Dna and Fingerprints

Research papers on DNA fingerprint evidence explicate the difference between regular fingerprint evidence and DNA fingerprint evidence and focus on what criminal justice experts call the "DNA fingerprint".
Traditionally, research papers on the term "fingerprint" refer to patterns that are highly characteristic to an individual's ridged skin of the distal finger phalanges. With regard to individual specificity, research papers on DNA fingerprinting point out that the practice is comparable to its namesake. However, for the layman, this is where the similarities stop. Although classical fingerprints can tell us whether a suspect has been at a crime scene or not, there are currently no means to correlate fingerprints to personal characteristics, such as race, gender, or population background. Despite this reasoning, most people are familiar with the concept of traditional fingerprints and therefore the analogy between DNA fingerprinting and traditional fingerprinting is quite useful and commonly made.

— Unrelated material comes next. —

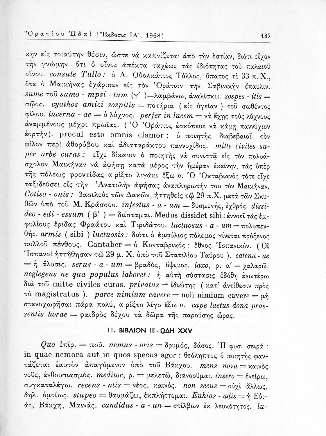 Πόπλιος Βιργίλιος Μάρων (P. Vergilius Maro), Μάρκος Τύλλιος Κικέρωνας (Marcus Tullius Ciceco), Κουίντος Οράτιος Φλάκκος (Q. Horati Flacci), Φωκίωνας Β. Βουσβούνης, Ερρίκος Σκάσσης, Ζαφείριος Ν. Φραγκίσκος (σχόλια)

Fingerprints and DNA Profiling
In comparing and contrasting traditional fingerprints to their DNA profiling counterparts, it seems that the two techniques are related on a fundamental genetic level. Researchers and scientists believe that characteristics of the traditional, or dermatoglyphic fingerprint, such as the ridge count, are determined by several genes. In forensic DNA evidence, minutiae in the dermatoglyphic fingerprint patterns are analyzed. The minutiae result from a combination of genetic and non-genetic events during pregnancy.
DNA fingerprints are similar, in that they too arise form genetic information. Although various types of DNA fingerprinting have been developed since the mid-1980's, state-of-the-art DNA profiling depends on what are called "short tandem repeat" polymorphisms (STRs). STRs are segments of DNA that show considerable variation between individuals and can be explained in the following way:
- Criminal investigators have adopted a standard using 13 STR core loci for identifying genetic differences between people.
- These loci are not genes but areas of "junk" DNA found in all human beings.
- Testing one locus gives a 1-in-500 chance that a particular sample of DNA came from a particular individual.
- Testing all 13 loci changes the odds 1 in 82 billion.
In short, with DNA testing, it is not possible to obtain all necessary information to definitively establish an individual's identity.
Dermatoglyphic Fingerprints
This is not the case, however, with dermatoglyphic fingerprints. It seems that with dermatoglyphic fingerprints it is possible to obtain all of the information from all 10 finger pads, with no discrepancies. In essence, fingerprints provide a more comprehensive picture.Putting this in perspective it can be asserted that since only a small portion of human DNA units are available for analysis, the DNA fingerprint is more analogous to a partial fingerprint than a traditional fingerprint. Just as a certain number of points of comparison are necessary to determine two fingerprints are from the same individual, so too is it necessary to compare a certain number of points in the DNA fingerprint to establish identity.